# [Task]
Set the pictures aside and transcribe exactly the lines from the one containing "攻防が目まぐるしく変化する中" through the final line of the records.

# [Excerpted records]

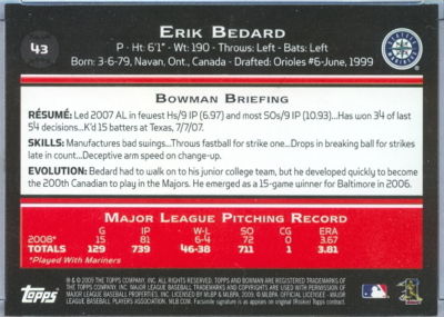 2009 Bowman # 43 Erik Bedard Seattle Mariners |
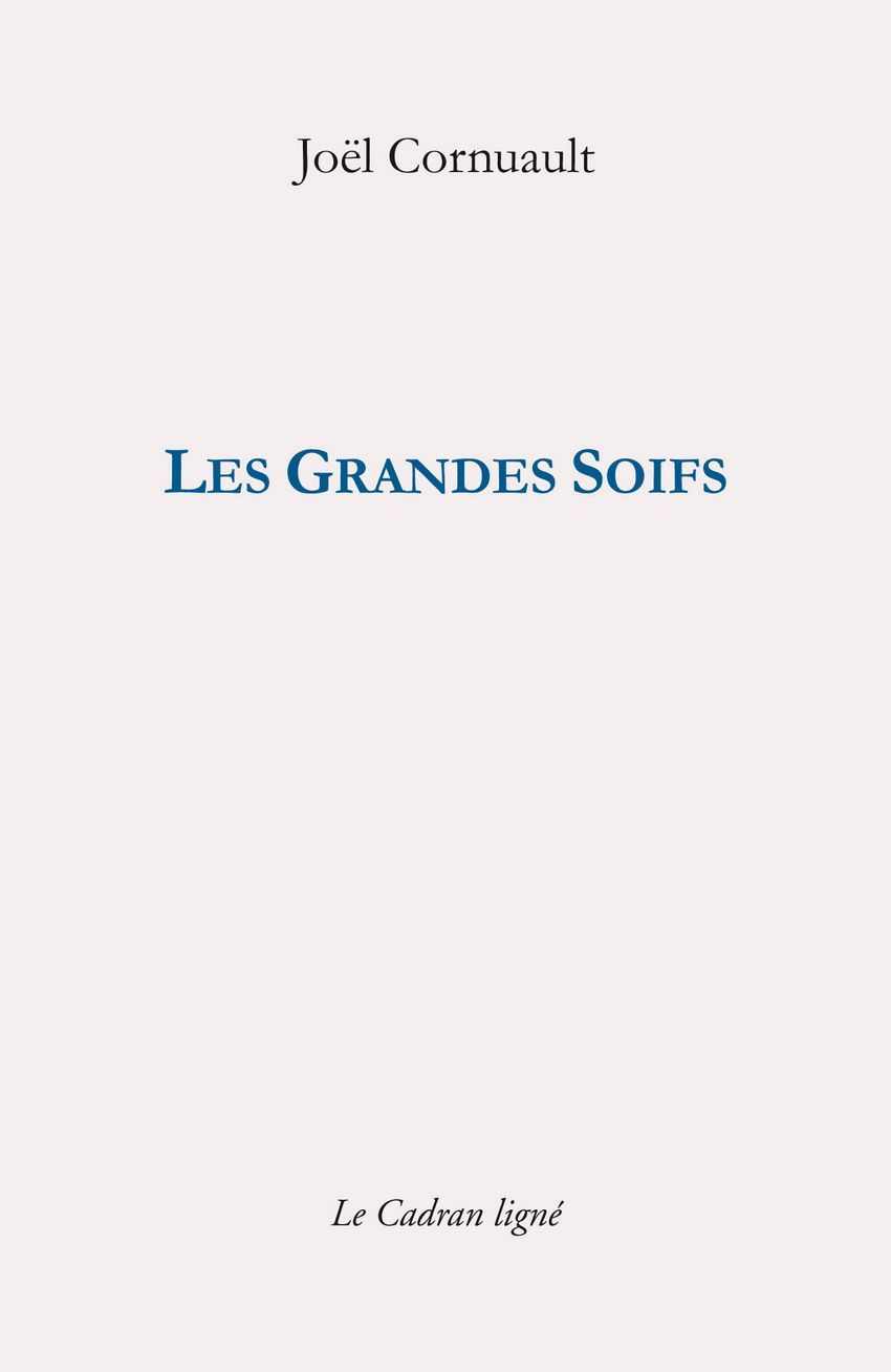 Les Grandes Soifs appartient à un enchaînement d’écrits de Joël Cornuault commencé avec Chroniques désordonnées (1997) et se prolongeant jusqu’à Dromomanies (2018). Cette suite a peu varié dans sa forme : rêveries, réflexions et moments d’exaltation librement associés. Les Grandes Soifs conduisent à l’écart, hors de ce temps, de son langage et de ses lieux qui récusent la vie. Elles valorisent le jeu, les enchantements de l’enfance ; le goût des mondes inaperçus ; le commerce avec les intercesseurs du merveilleux, poètes de l’abondance et du luxe vrais, que sont l’amitié, le rêve heureux, l’amour.
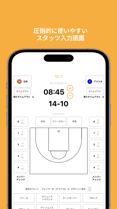 攻防が目まぐるしく変化する中でも、スムーズに記録が行えます。「相手チームの4番がスティールをした」、「自チームの5番が3Pシュートを決めた」といった細かい情報の記録も、タップ操作でらくらく。チームファウルのカウントや、タイムアウトにも対応しています。
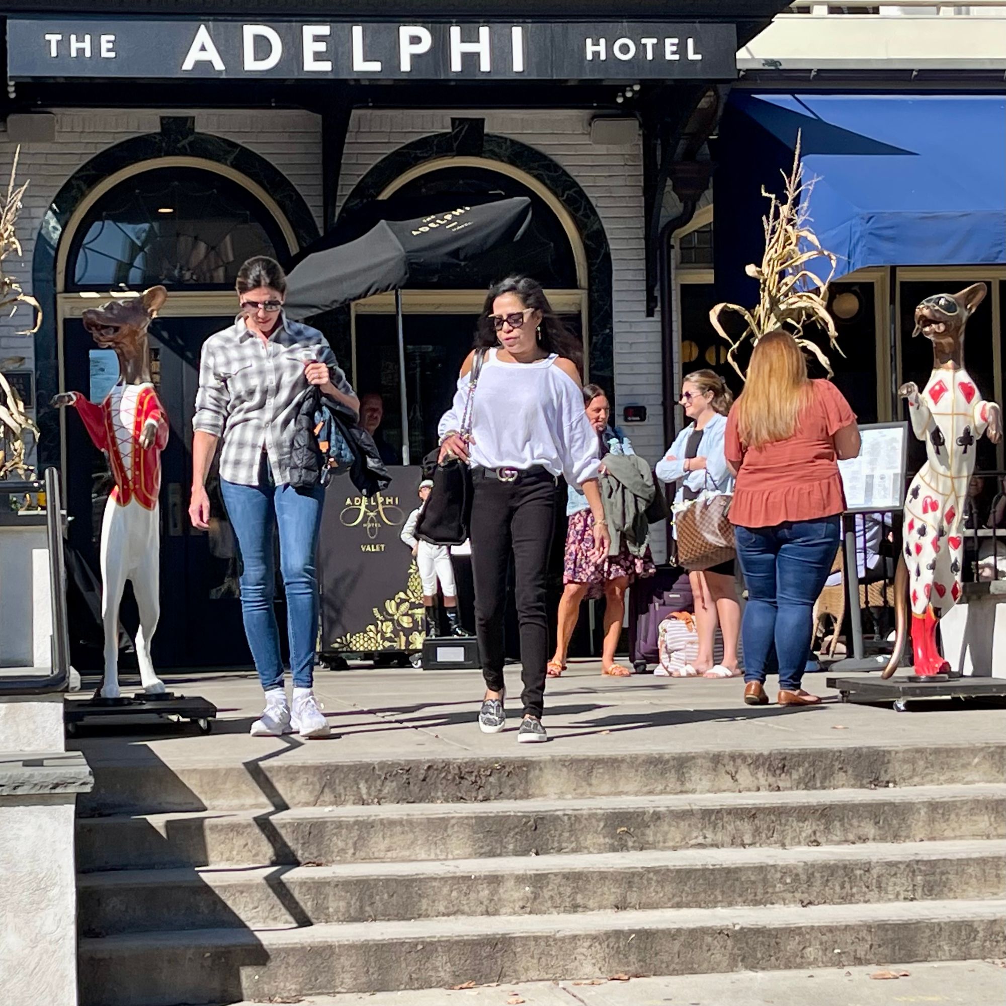 The liveliness of the sidewalk plaza/porch in front of the historic Adelphi Hotel is a significant part of why the hotel is a local landmark. The Colony can learn a lot from Adelphi about how to enliven the public space around its entrance.
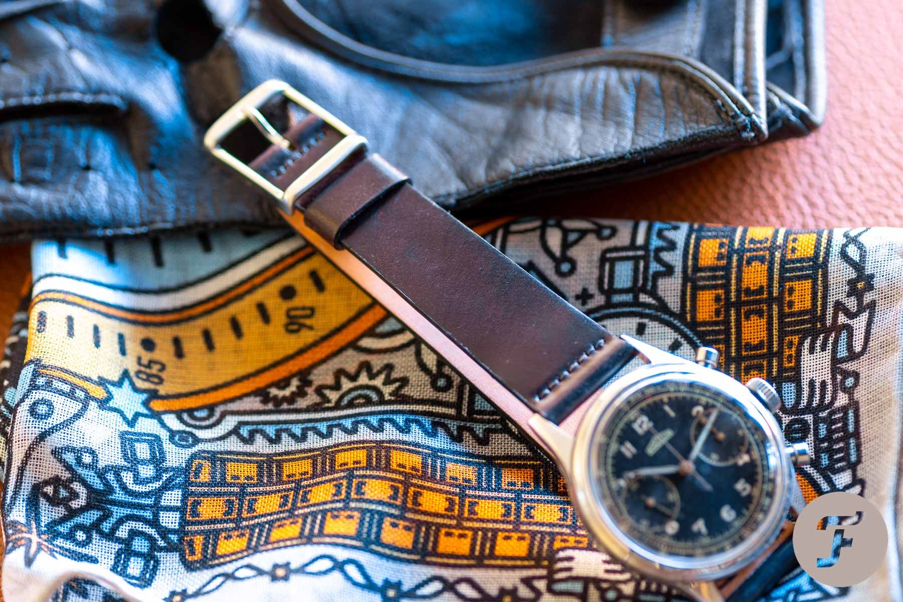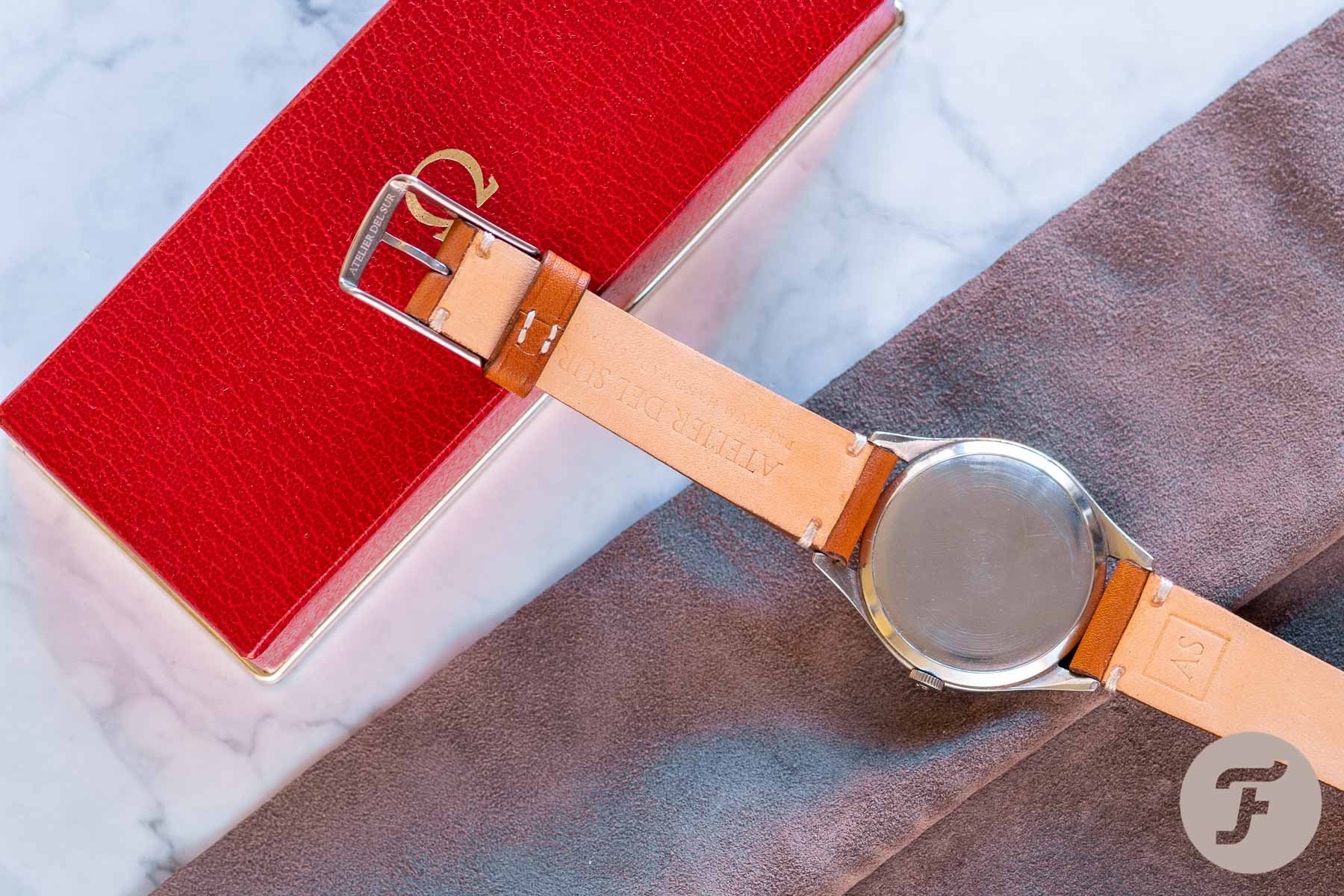 This type of leather is one of the most sought after among ateliers specializing in leather goods. It is extremely robust and beautiful. These Shell Cordovan straps are a treat for any timepiece, modern or vintage alike. We only have a color matching straight stitching on the strap’s lug ends. The edges are painted as well and the buckle is the same as before.
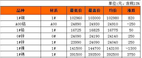 长江有色金属现货4月20日平均价
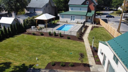 This urban Lititz project on Market Street transformed a compact lot into a serene outdoor sanctuary. We created a cozy patio with built-in planters, an elegant sitting area, and ambient lighting—all designed to enhance the home’s charm. A perfect fusion of city living and outdoor comfort, this space proves that even smaller backyards can deliver big on relaxation and style.
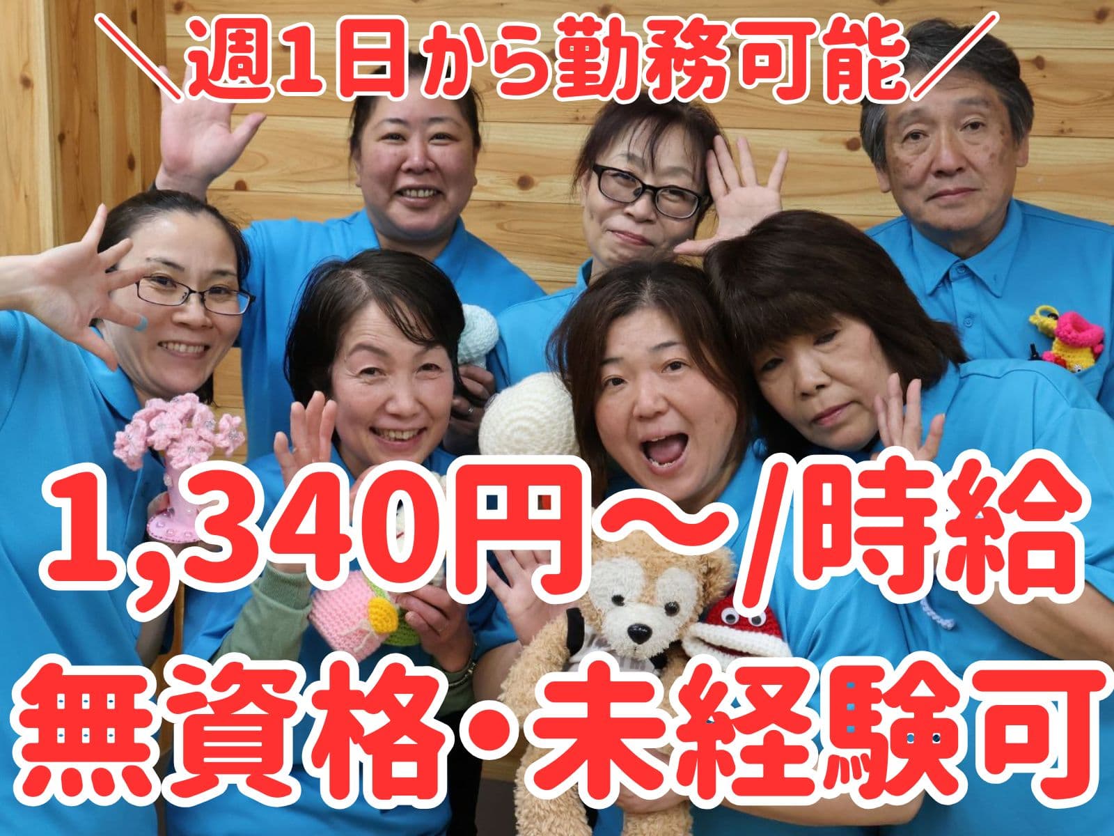 大工作業やミシン作業等、作業的活動が豊富なデイサービスです ☆ 他のデイサービスではあまり見ない一生懸命で笑顔あふれるご利用者さんと一緒に楽しみながらお仕事をしてみませんか?とても貴重な体験ができ、職員も利用者さんと一緒に楽しめるデイサービスです。 明るい職員が揃っており、職員一人一人の意見を元にデイサービス作りをしています♪現在、利用定員18名に対し介護職員5~6名+看護師と充足体制中。 一人一人のご利用者に深くかかわることができ、ご利用者の笑顔や生きがいを感じられるデイサービスです。人柄を元に採用している為、経験、未経験で採用の判断はしていませんので、明るく元気な方の採用を考えております。在職中の方は入職日相談可能です。 作業や小物作りに自信がなくても問題ありません。利用者さんと【一緒に】が大切です。職員も一緒に楽しめるデイサービスなので、是非、ご応募お待ちしております。
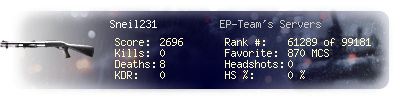 | Suicides | 0 | Headshots | 0 | Headshot / Kill | 0 % |
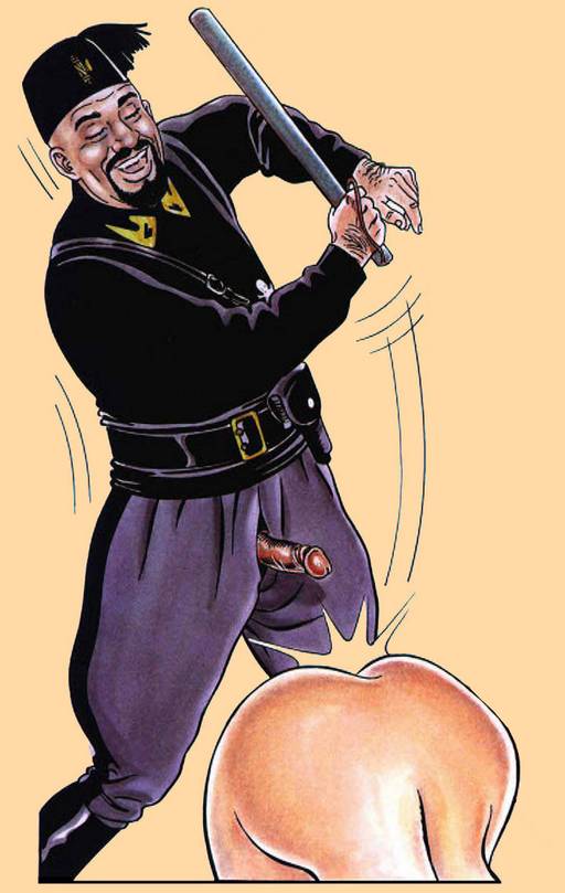 asian cop beating a woman\'s ass very happily and sporting a big erection
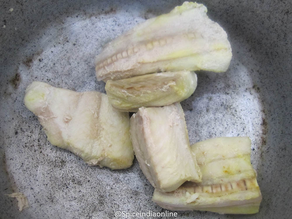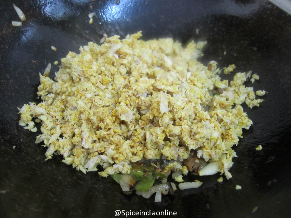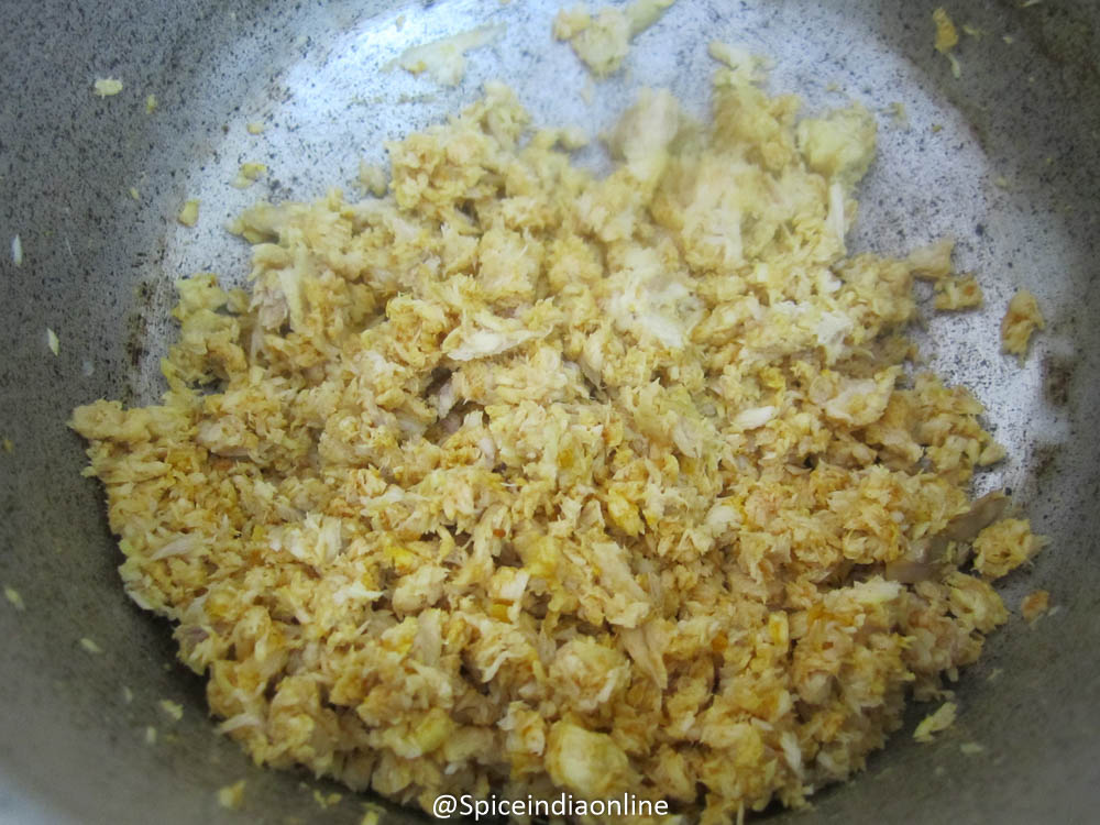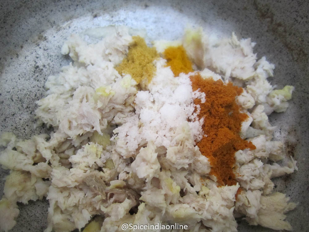 Boil in water with remaining salt and turmeric from table-2 (About 5 minutes over medium flame) Switch off and drain all the water and keep the fish pieces aside to cool a bit. Discard the bones and lightly mash and scramble the flesh.

# [Result for this task]
 攻防が目まぐるしく変化する中でも、スムーズに記録が行えます。「相手チームの4番がスティールをした」、「自チームの5番が3Pシュートを決めた」といった細かい情報の記録も、タップ操作でらくらく。チームファウルのカウントや、タイムアウトにも対応しています。
 The liveliness of the sidewalk plaza/porch in front of the historic Adelphi Hotel is a significant part of why the hotel is a local landmark. The Colony can learn a lot from Adelphi about how to enliven the public space around its entrance.
 This type of leather is one of the most sought after among ateliers specializing in leather goods. It is extremely robust and beautiful. These Shell Cordovan straps are a treat for any timepiece, modern or vintage alike. We only have a color matching straight stitching on the strap’s lug ends. The edges are painted as well and the buckle is the same as before.
 长江有色金属现货4月20日平均价
 This urban Lititz project on Market Street transformed a compact lot into a serene outdoor sanctuary. We created a cozy patio with built-in planters, an elegant sitting area, and ambient lighting—all designed to enhance the home’s charm. A perfect fusion of city living and outdoor comfort, this space proves that even smaller backyards can deliver big on relaxation and style.
 大工作業やミシン作業等、作業的活動が豊富なデイサービスです ☆ 他のデイサービスではあまり見ない一生懸命で笑顔あふれるご利用者さんと一緒に楽しみながらお仕事をしてみませんか?とても貴重な体験ができ、職員も利用者さんと一緒に楽しめるデイサービスです。 明るい職員が揃っており、職員一人一人の意見を元にデイサービス作りをしています♪現在、利用定員18名に対し介護職員5~6名+看護師と充足体制中。 一人一人のご利用者に深くかかわることができ、ご利用者の笑顔や生きがいを感じられるデイサービスです。人柄を元に採用している為、経験、未経験で採用の判断はしていませんので、明るく元気な方の採用を考えております。在職中の方は入職日相談可能です。 作業や小物作りに自信がなくても問題ありません。利用者さんと【一緒に】が大切です。職員も一緒に楽しめるデイサービスなので、是非、ご応募お待ちしております。
 | Suicides | 0 | Headshots | 0 | Headshot / Kill | 0 % |
 asian cop beating a woman\'s ass very happily and sporting a big erection
 Boil in water with remaining salt and turmeric from table-2 (About 5 minutes over medium flame) Switch off and drain all the water and keep the fish pieces aside to cool a bit. Discard the bones and lightly mash and scramble the flesh.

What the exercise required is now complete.